BACKGROUND: Prevention of posttransfusion non‐A,non‐B hepatitis in recipients of blood components improved considerably with the introduction of the second‐generation of hepatitis C virus (HCV) antibody tests. In 1993, third‐generation HCV antibody assays were introduced in Europe. STUDY DESIGN AND METHODS: The performance of three generations of anti‐HCV enzyme‐linked immunosorbent assay (ELISA) (ELISA‐1, −2, −3) was compared in routine blood donor screening (99,394 donations were tested with ELISA‐1, 167,999 donations with ELISA‐2, and 262,090 donations with ELISA‐3) and in serial samples from nine patients with documented acute posttransfusion HCV infection.
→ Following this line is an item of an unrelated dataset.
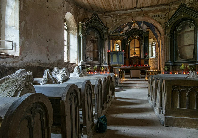 The turnaround in the collapsing building’s fate began in 2012 when art student Jakub Hadrava put sculptures of ghostly shrouds seated in the pews of the Church of St. George (Kostel svatého Jiří) in the small town of Luková in the northern Plzeň region. The project was his bachelor’s thesis and officially has the title “My Mind” (Má mysl).
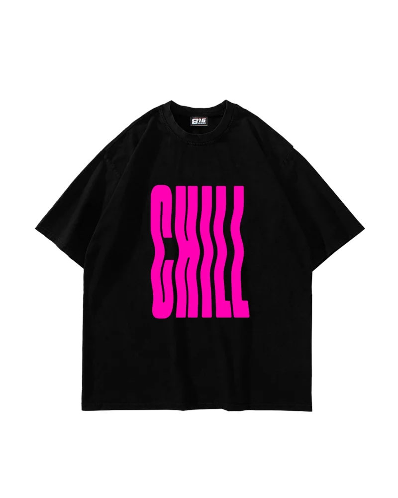 Chill Baskılı Oversize Unisex Siyah Tshirt

RESULTS: Eight (0.01%) repeat donors, previously negative in ELISA‐1, were found positive in ELISA‐2 and were confirmed as positive in second‐generation recombinant immunoblot assay and/or cDNA polymerase chain reaction. In the donor population, no difference in the sensitivity of ELISA‐2 and ‐ 3 was observed. The specificity of the three generations of ELISAs was comparable (99.8, 99.7, and 99.7%). In seroconversion samples, ELISA‐2 and −3 detected HCV antibodies at the same time in seven patients, but in two patients, ELISA‐3 found HCV antibodies, respectively, 63 and 77 days earlier than ELISA‐2 did. In the seroconversion samples, ELISA‐2 and −3 were significantly more sensitive than second‐ and third‐ generation recombinant immunoblot assays. CONCLUSION: ELISA‐3 did not detect more HCV‐infected individuals in a donor population that previously tested negative in ELISA‐2, but it did detect HCV antibodies earlier in some patients with acute HCV infection. ELISA‐2 and −3 were significantly more sensitive than second‐ and third‐generation recombinant immunoblot assays.